There's an subtle but important detail here: if a site owner requests that Google doesn't crawl their site, Google has to abide by that. BUT if other sites on the web link to the site that's no longer crawled (which is clearly the case for popular sites), Google is still able to return search results for the "no crawl" site. It can no longer use the content on the site itself to determine search relevance (since it can't crawl the pages), but if the anchor text and links are sensible, these are likely to be good enough for Google to figure out the "no crawl" result should be ranked high.

Net result: the "no crawl" sites still end up at the top of the search results, but there will be no page snippets shown with the result, just a bare bones URL. But that would be enough for the "plan" to fail.

rojoloco 0 Newbie Poster

This idea makes no sense whatsoever.

"by paying the top one thousand most popular sites $1M each to leave the Google Index"

Presumably, the top one thousand websites are the ones making good money. So 1M for them is not that much. Not enough for them to be bribed to leave the Google index or making any other ridiculously stupid moves.

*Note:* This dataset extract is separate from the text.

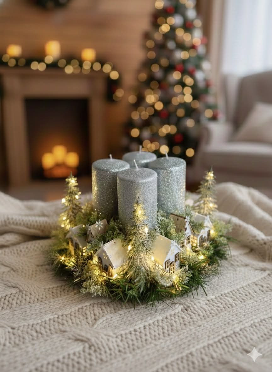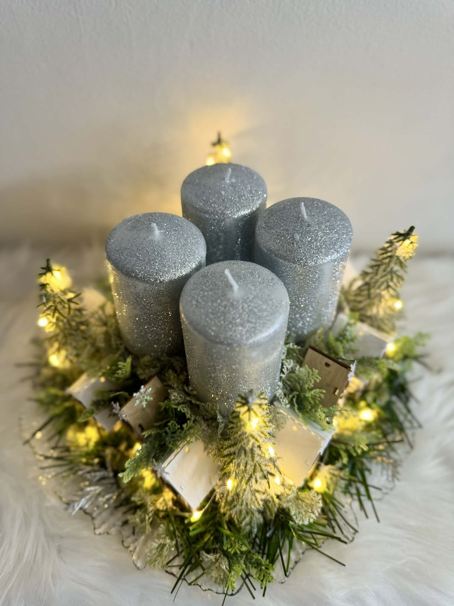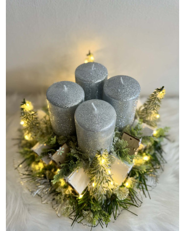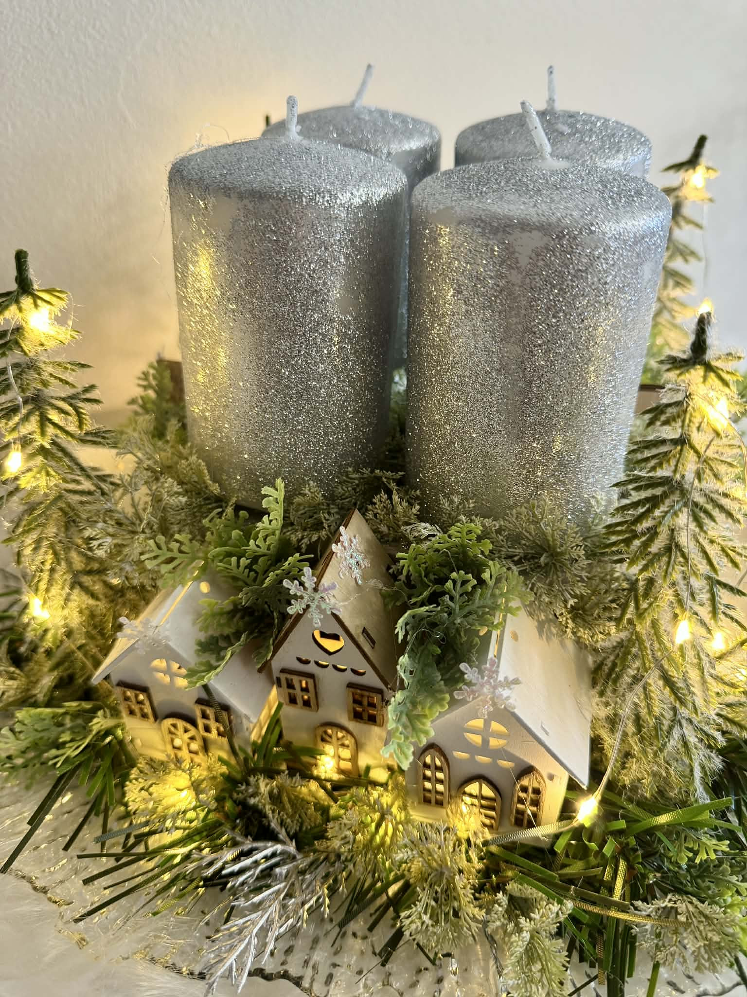 Adventný svietnik robený dookrúhla s drevenými domčekmi, s čečinou, súčasťou svietnika sú ligotavé strieborné sviečky, ktoré sú na bodcoch. Celý svietnik je podsvietený svetielkami na baterky, ktoré sú súčasťou dekorácie.

the old rang 0 Newbie Poster

on thing most in this discussion seem to forget, many of the 'top 1,000' pay for the title. Unless you did not know, search engines are supported by two things. Advertisers, and fees paid by sites for 'preferred' (for lack of a better name) placement in search results. (free enterprise(??) again. That is why, sometimes you had to go to the second page to find what really was a match.) I am not sure what the fees are, or other stipends, but, after years of using search tools, I know an exact match to my exact search may not be close to page one, but listed. You should have noted this a while ago. I did, years ago.

The REALLY good search engines died, because they either did not do this soon enough, or were bought out by the ones that did. The best one (my opinion) was bought out by Yahoo! and now is gone. (alltheweb.com) It replaced another that was really kind of on your own system (WebFerret). I miss both of them, because both were better than things today. They didn't have name recognition, but, were much better with less web, at finding ANYTHING.

So, If Mr Cuban's plan is going to work, he has to overcome the 'sites' own desires for getting what they already know works, and what THEY pay for, because it does.

Kind of a sell, unless they figure their revenue were mis-spent, and didn't get them the $1,000,000, that he is offering, in web traffic/sales.

Sites that would be most tempted to do that, would be ready to go under, anyway, and would be a bad investment, on Mr. Cuban's part.